= Collected material =
————————

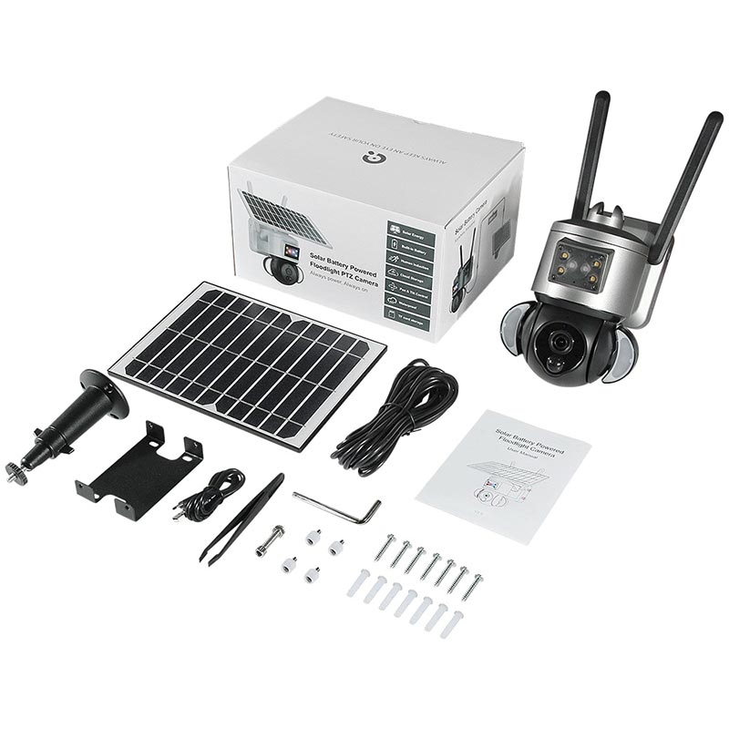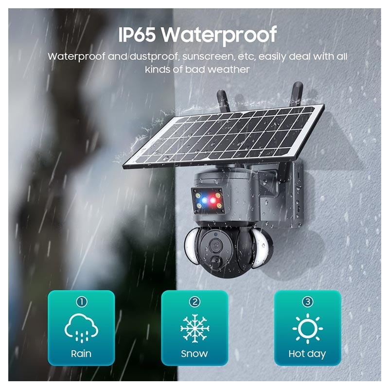 A câmera S528 PTZ possui um painel solar de 6 W que fornece ampla potência para operação contínua. Com sua conectividade Wi-Fi, você pode monitorar convenientemente sua casa a partir de seu smartphone. Esta câmera de segurança também é equipada com recursos de visão noturna, um sensor de detecção de movimento PIR e um sistema de áudio bidirecional. A função PTZ permite que a câmera gire horizontalmente, verticalmente e amplie detalhes específicos com precisão. Além disso, a câmera de vigilância S528 PTZ possui uma classificação de resistência à água IP65, tornando-a adequada para montagem externa.
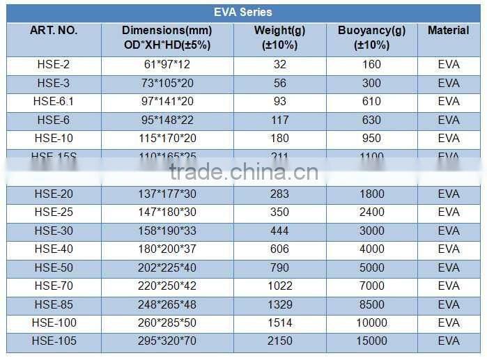 EVA buoy floats are used with the fishing nets for fishing and fish farming in shallow sea or lake. It has diferent shapes and all specifications for different use.
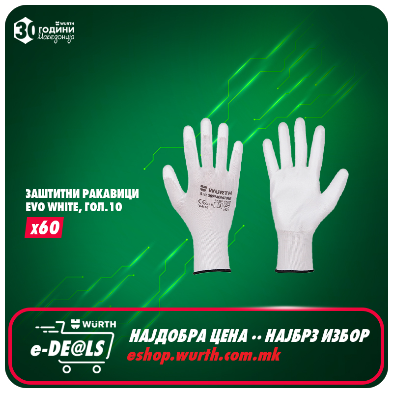 Заштитни ракавици,EVO WHITE, гол.10
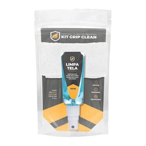 Kit Limpa Telas Bactericida + Flanela - Grip Clean - GshieldIncriveis Acessórios para seu smartphone, cabos, adaptadores carregador veicular, películas de vidro e carregadores, descubra os melhores acessórios para seu cel

————————

Print the lines from the line containing "Заштитни ракавици,EVO WHITE, гол.10" through the last line of the listing, exactly as they stand, and leave any pictures out.

= Result of this task =
 Заштитни ракавици,EVO WHITE, гол.10
 Kit Limpa Telas Bactericida + Flanela - Grip Clean - GshieldIncriveis Acessórios para seu smartphone, cabos, adaptadores carregador veicular, películas de vidro e carregadores, descubra os melhores acessórios para seu cel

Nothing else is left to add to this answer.